I am having a couple of issues now that I’ve used this for a bit:
Showstopper race conditions on startup with other integrations
Asynchronous startup has race conditions initializing alerts. When you initialize a given alert, if any referenced entities are not yet set up, so possibly in an ‘unavailable’ state, or with integrations that create new entities on startup, e.g. on restart after a configuration change for an integration that causes new entities to be created, or for non-persistent entities that are created each start, the ‘unknown’ state, initializing can have a few problems.
I’m seeing this in the context of generated alerts but I suspect they may risk existing for non-generated.
The first is the values of genRaw, genEntityId and creation of friendly_name. friendly_name can render as ‘None’ (if the entity exists as an object but does not have a friendly_name set at the time of initialization, which some integrations I’ve found create on the fly during startup) or throws an exception (if the entity has not yet been created by another integration). In the former the friendly_name will now always be wrong and in the latter the alert is never created (and alert2 errors thrown). Also, genEntityId will be empty if the entity was ‘unknown’ (since the lookup in the db fails) and cause exceptions to be thrown where it is used and the alert is never created.

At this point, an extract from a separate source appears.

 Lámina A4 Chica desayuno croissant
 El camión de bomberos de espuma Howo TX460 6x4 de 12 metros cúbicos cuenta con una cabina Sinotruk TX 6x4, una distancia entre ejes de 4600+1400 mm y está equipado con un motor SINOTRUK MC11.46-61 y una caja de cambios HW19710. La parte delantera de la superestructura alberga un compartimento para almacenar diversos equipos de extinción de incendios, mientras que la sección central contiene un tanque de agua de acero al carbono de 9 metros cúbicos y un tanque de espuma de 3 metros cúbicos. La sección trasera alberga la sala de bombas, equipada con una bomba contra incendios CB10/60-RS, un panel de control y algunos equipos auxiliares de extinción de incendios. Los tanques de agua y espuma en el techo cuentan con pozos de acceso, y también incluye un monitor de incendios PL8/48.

The second is if the alert is created but values are unavailable when templates (e.g. alert condition and possibly threshold and others etc., I’m only using condition right now) are evaluated. A lot of exceptions are thrown into the log (which is not great for figuring out if there is a legitimate problem or not). I presume these resolve at some point to valid conditions when the entities go to a valid state under the HA state machine, but it concerns me and I’m uncertain in both cases.
I’ve also found exceptions being throw that genRaw is not set, but haven’t chased those down yet as to exactly what’s happening, but I suspect it’s related.

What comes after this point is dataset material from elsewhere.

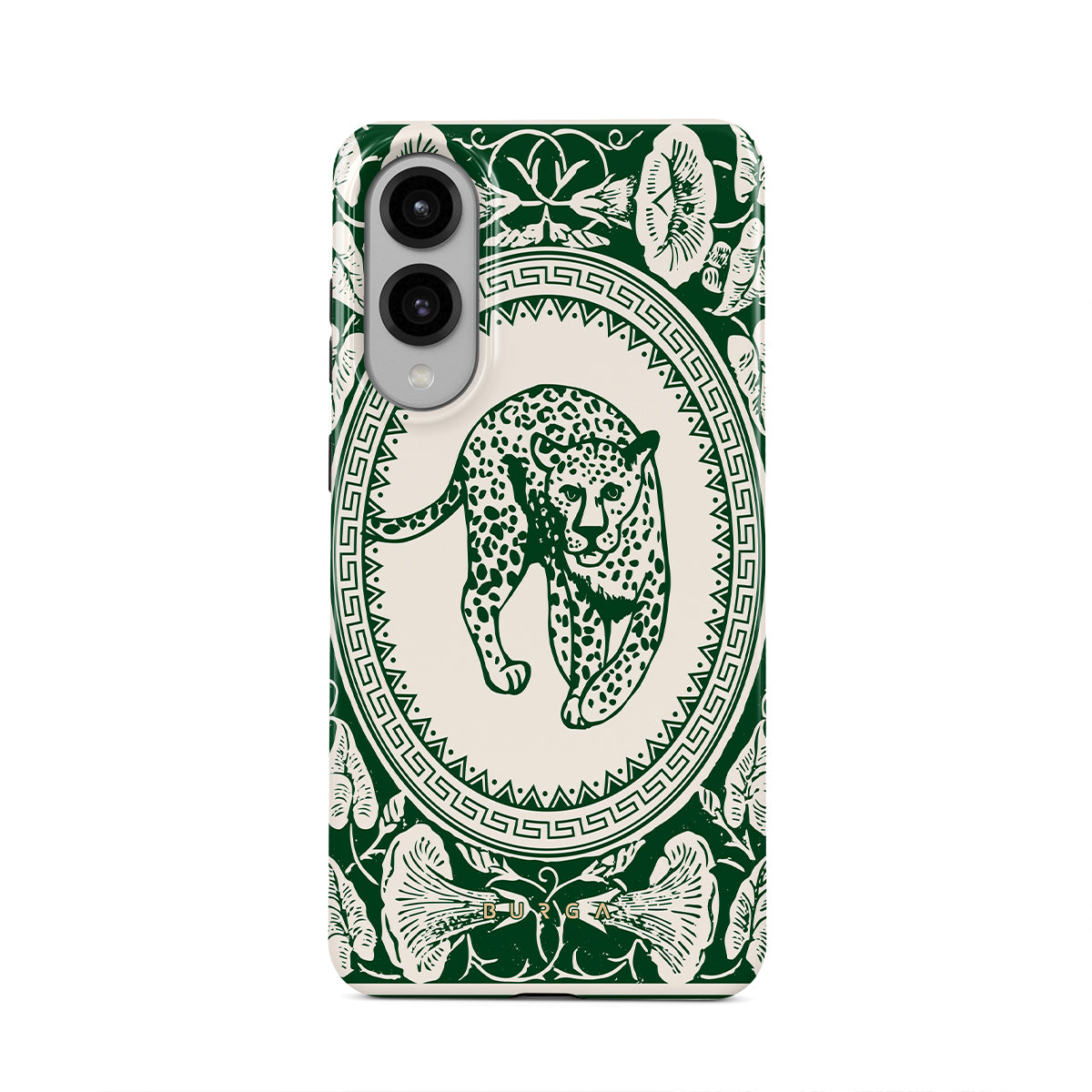 Our Antique Samsung Galaxy S25 Edge phone case design—a nude canvas kissed by refined green contours, painting an eternal saga of elegance. Enthroned at its center is a regal leopard embraced by a tender floral caress. A nod to timeless opulence, this design captures the essence of vintage prestige.

I am uncertain if alerts that are not ‘early_start’ can be entirely delayed for initialization until after all other integrations have finished their integration under the HA framework, but it appears that’s what we need. If not can consider adding timed delays to initialize but I don’t love that as it’s prone to other errors (running too early and still having the above problems or too late and missing legitimate alerts).
Note to help me debug this I added this debug log stataement to AlertGenerator.update right before declaring the condition so you can see exactly the values of the alert and the passed in variables which helped immensely to debug the above if you can please add to help debug generation initialization:
break
_LOGGER.debug(f' {self.name} generator creating alert: {acfg} with vars {svars}')

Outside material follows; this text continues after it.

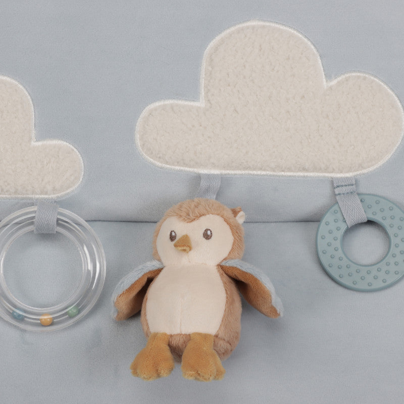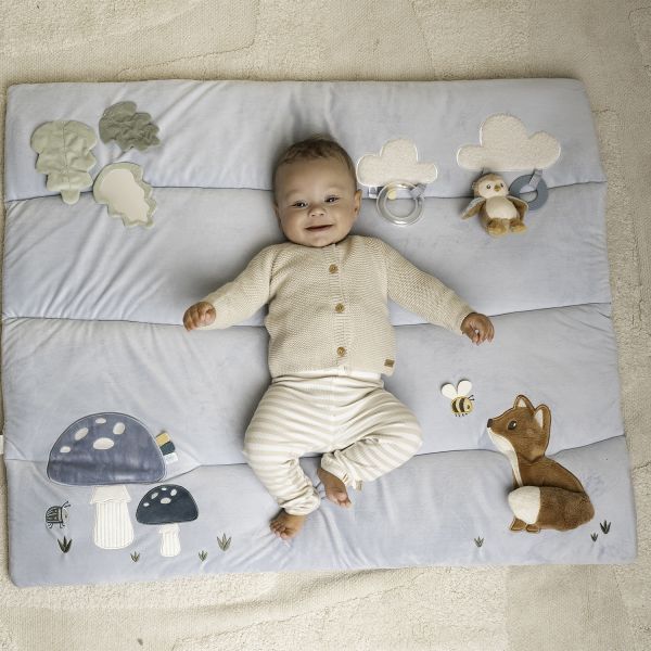 Immerse yourself in the magic of the Forest Friends on this adorable blue play mat. There’s lots to discover and see! Go on an adventure to find the crinkly leave and soft clouds, meet the lovely soft fox, and play with the owl and little beetle. There’s also a small mirror for self-exploration and a transparent ring with three little beads that rattle when they move. This padded playpen mat playfully stimulates your child's senses with its different textures and activities.

ent = self.alertData.declareCondition(acfg, False, genVars=svars)
Alerts that were active and removed from configuration.yaml stay active
If I have an active alert, remove it from configuration.yaml and restart, it appears the alert is still active in the UI (and cannot be removed). I just manually set its state to ‘off’ to fix this, but I am not sure how to also make it ‘acked’ so it’s in a zombie state right now (I’ll just let it run off the UI clock for now but really should get it cleared out). There may want to be some clearing out of or deleting old alert2 objects that are no longer in the config, but that’s not a showstopper unlike the above startup problem.
Alert state writing to db
Lastly can we make the alert state stored to the database more frequent to the database. Especially while debugging and restarting, I don’t want to lose old alert info, 15 minutes is a long time. An optional config item would be really best to tailor the user’s system. I’m fine with far more frequent in my system.
** Question on entities going unavailable **
If an entity referenced anywhere in an alert goes unavailable during steady state operation, I think this will cause the condition to fail and throw an exception which alert2.error will catch, but want to make sure as that would not be good to be swallowed (as the alert itself will then never fire again falsy indicating everything is ok)